## Work order
Word for word, repeat the data; no picture should appear in the result.

## Data provided

====================

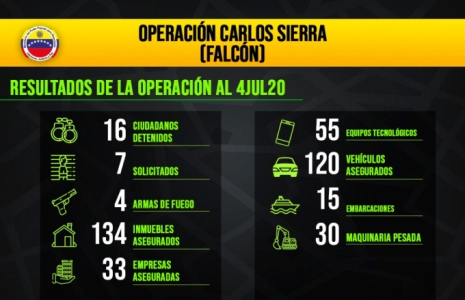 On a fait plus de 160 perquisitions, 16 personnes ont été arrêtées et nous en recherchons 7 parmi lesquelles le chef. Nous avons aussi lancé une alerte rouge d’Interpol : 7 personnes recherchées, 13 immeubles saisis, 33 entreprises perquisitionnées, de grandes propriétés, des machines, 15 embarcations, 2 chantiers navals, un à Margarita et l’autre à Cumaná, qui se consacraient à faire des opérations avec des vedettes. Ils étaient aussi alliés avec la DEA.
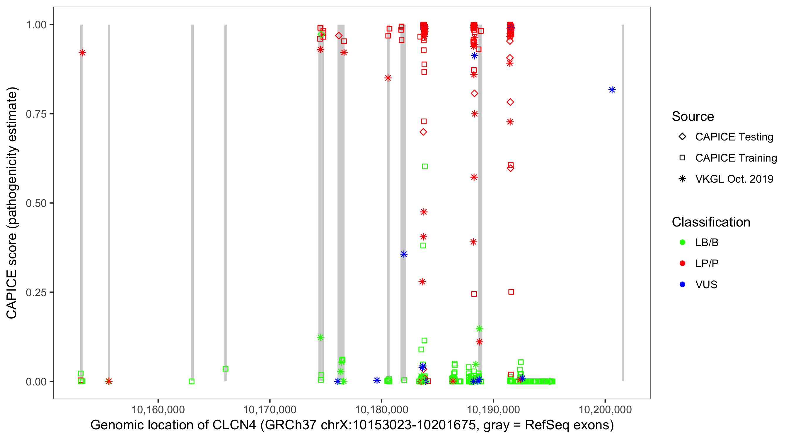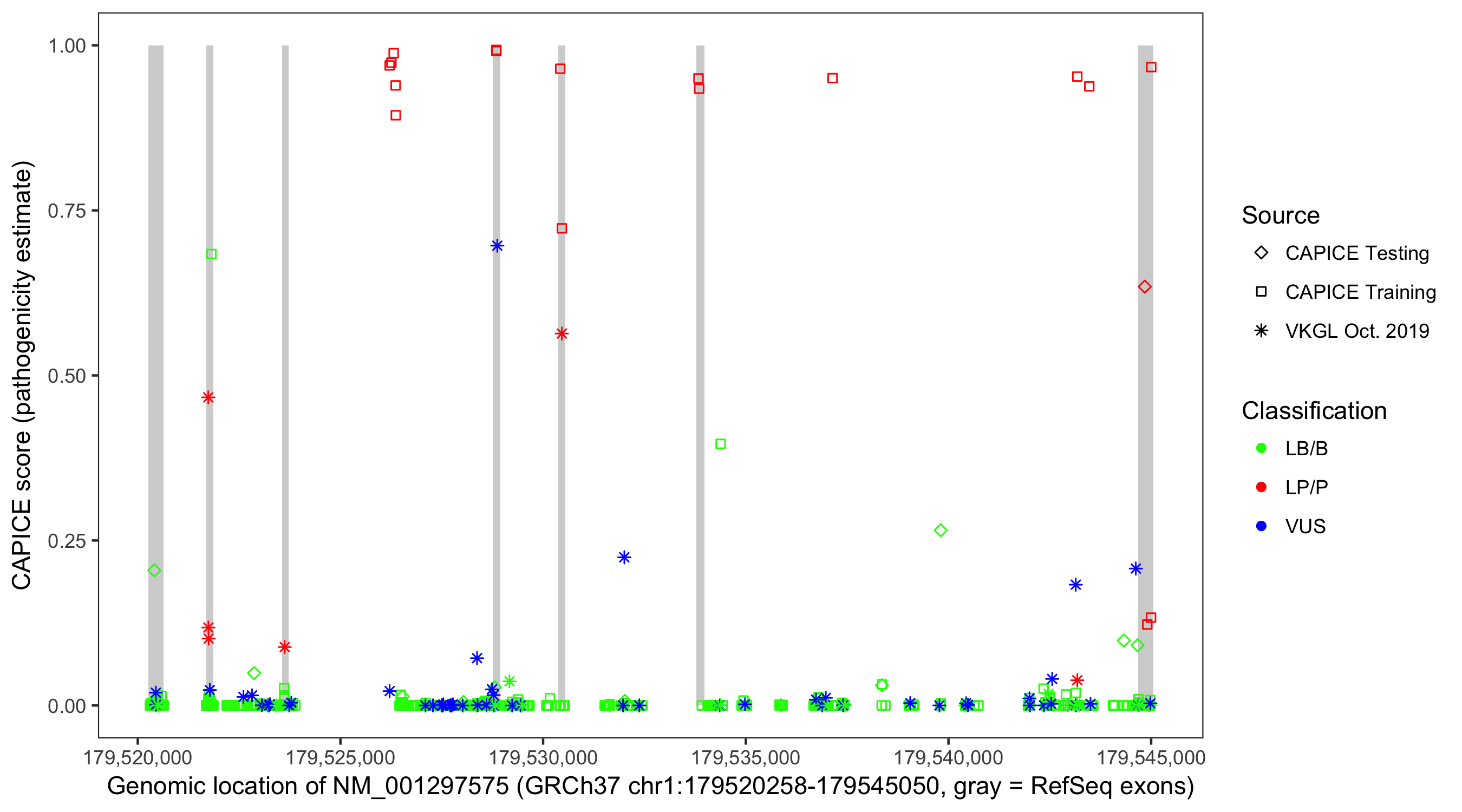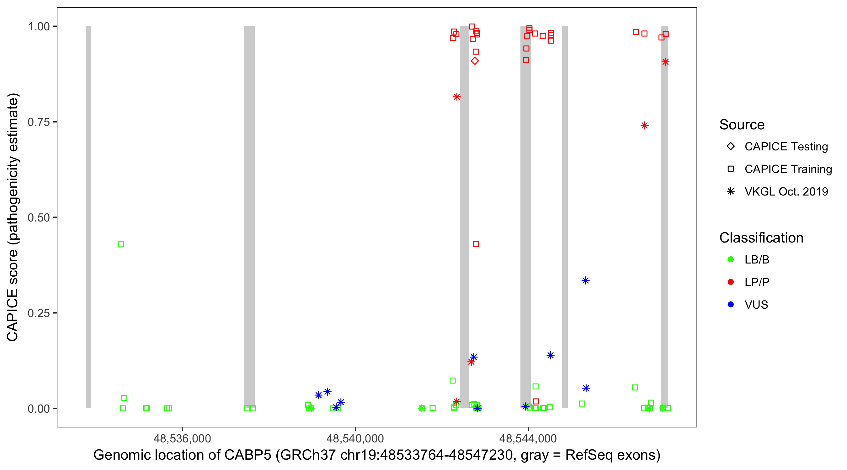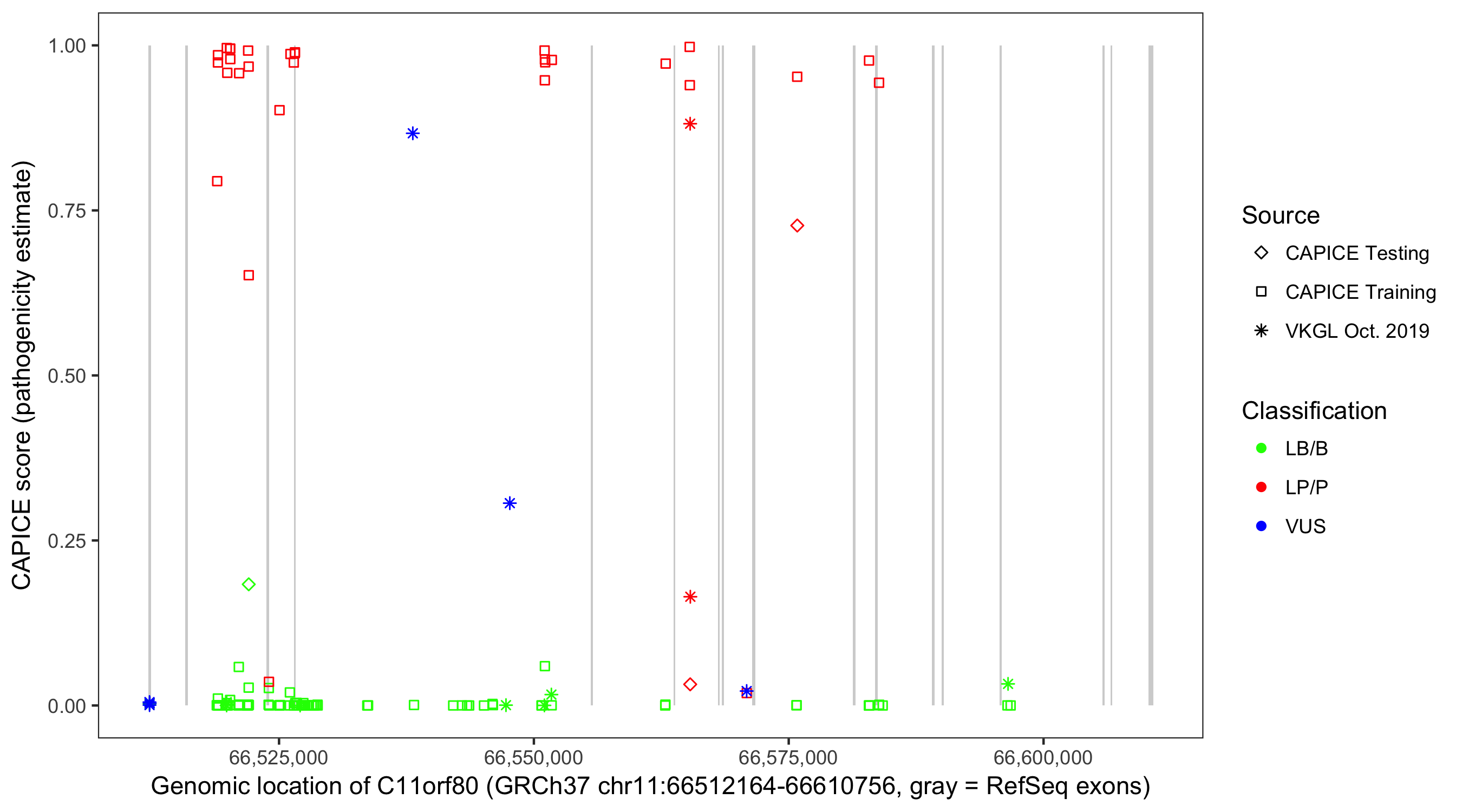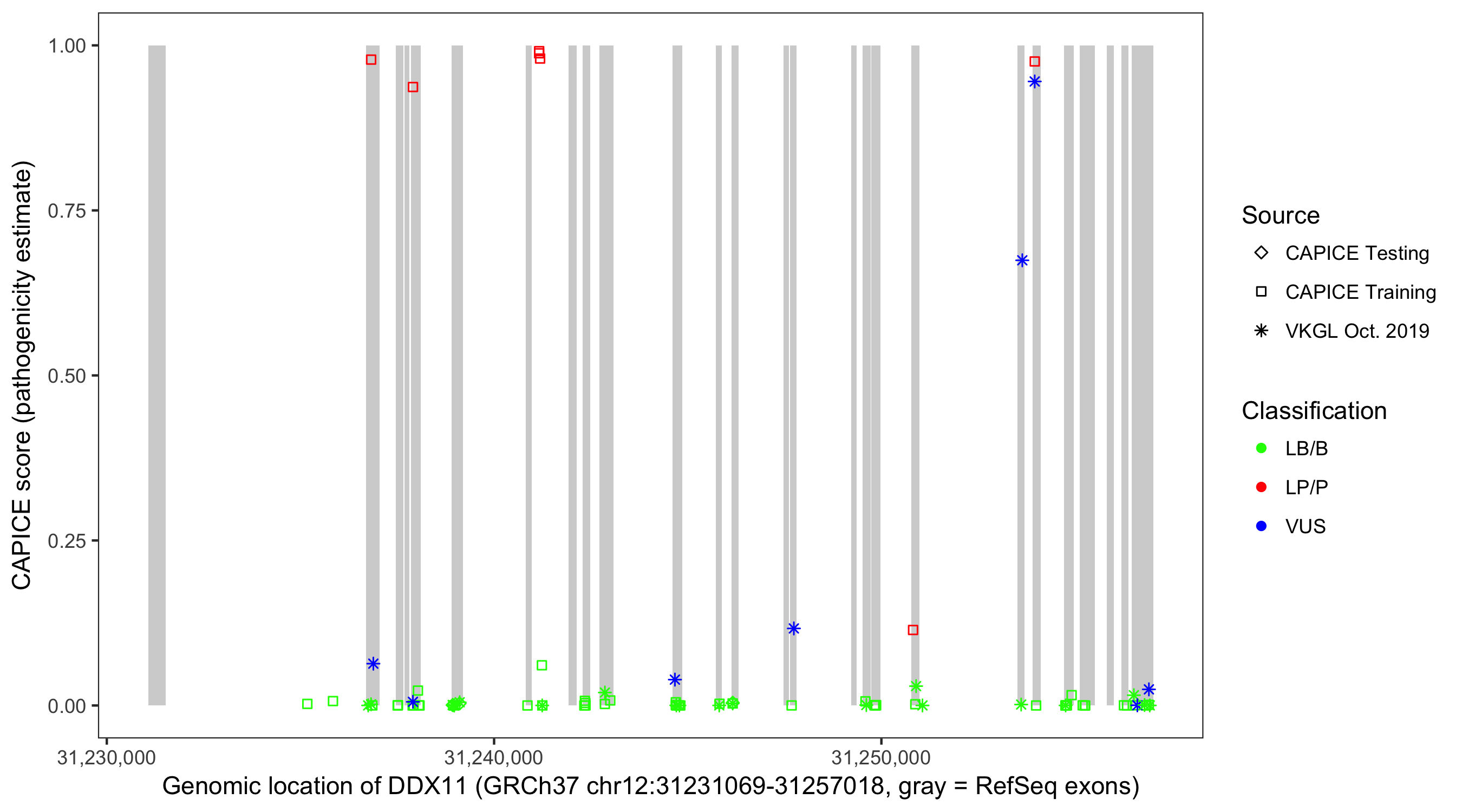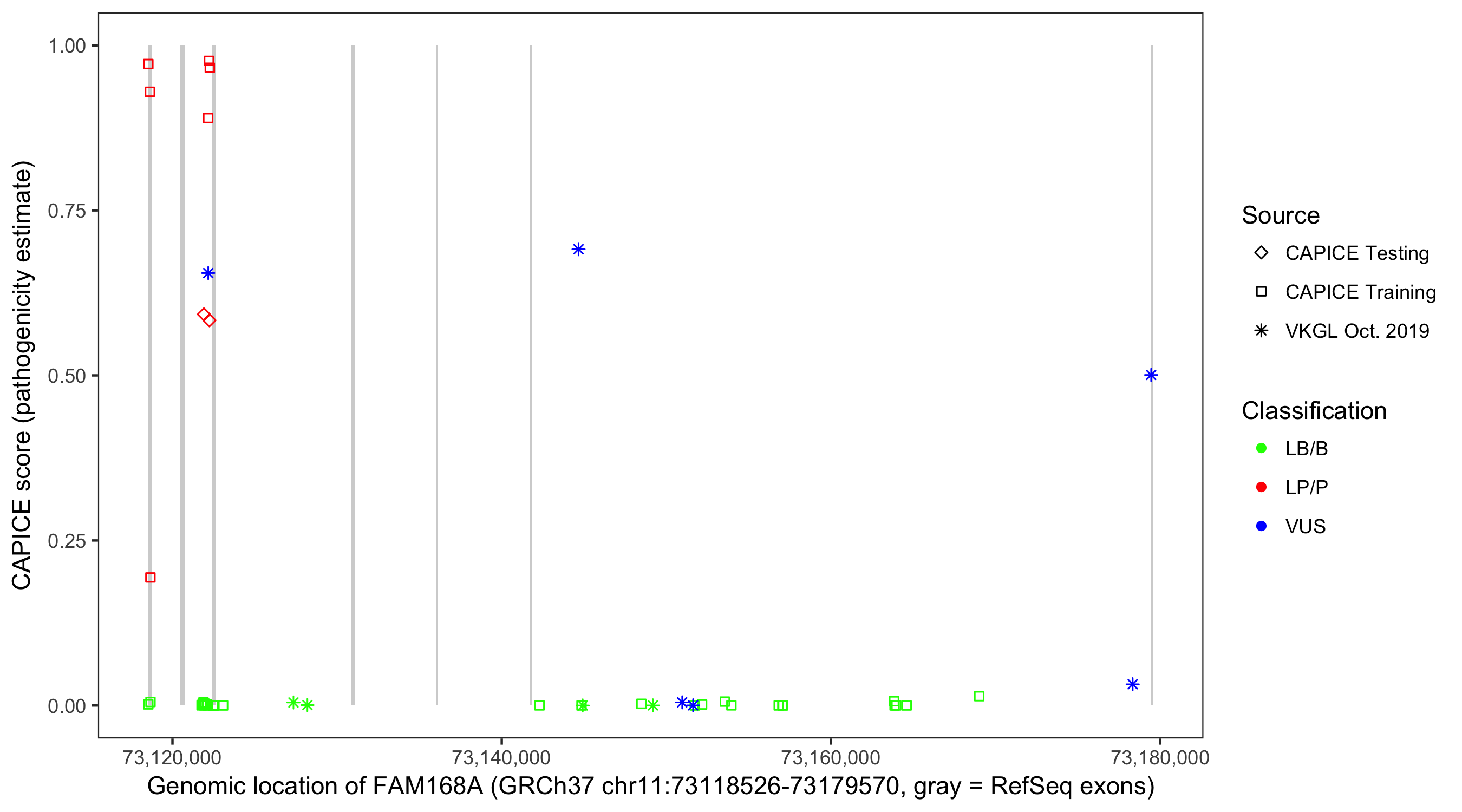 Shown are CAPICE train/test variants plus VKGL Oct 2019.
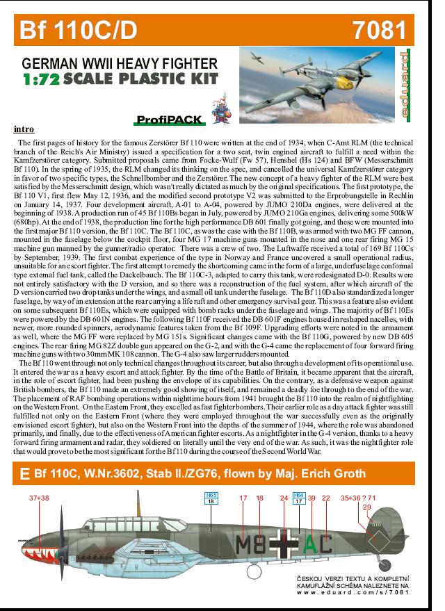 Лучшая на сегодняшний день модель 110-го мессера в 72 масштабе Eduard Bf110C/D ProfiPACK.
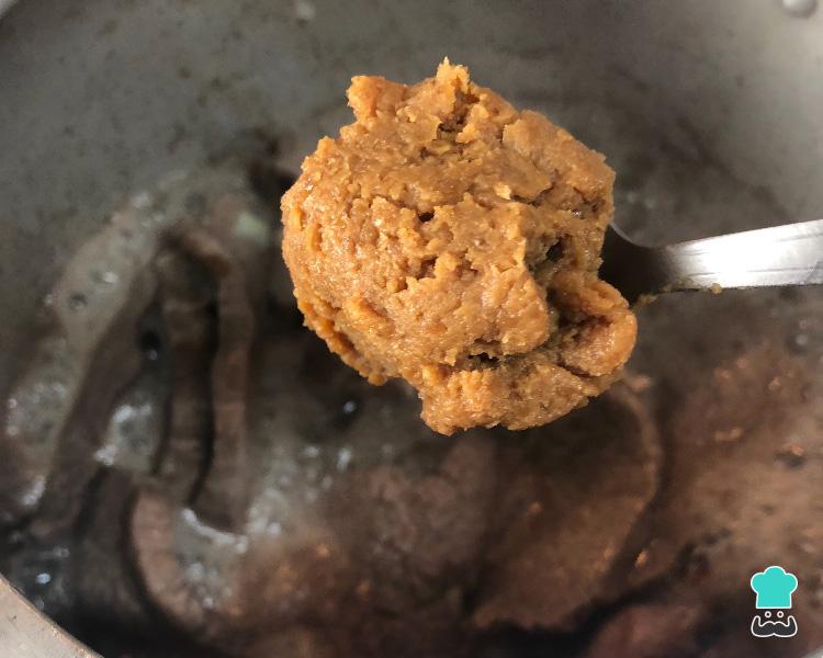 Na sequência junte também o missô, que é uma massa temperada japonesa, e também o molho inglês ou shoyu.

====================

## Response box
 On a fait plus de 160 perquisitions, 16 personnes ont été arrêtées et nous en recherchons 7 parmi lesquelles le chef. Nous avons aussi lancé une alerte rouge d’Interpol : 7 personnes recherchées, 13 immeubles saisis, 33 entreprises perquisitionnées, de grandes propriétés, des machines, 15 embarcations, 2 chantiers navals, un à Margarita et l’autre à Cumaná, qui se consacraient à faire des opérations avec des vedettes. Ils étaient aussi alliés avec la DEA.
 Shown are CAPICE train/test variants plus VKGL Oct 2019.
 Лучшая на сегодняшний день модель 110-го мессера в 72 масштабе Eduard Bf110C/D ProfiPACK.
 Na sequência junte também o missô, que é uma massa temperada japonesa, e também o molho inglês ou shoyu.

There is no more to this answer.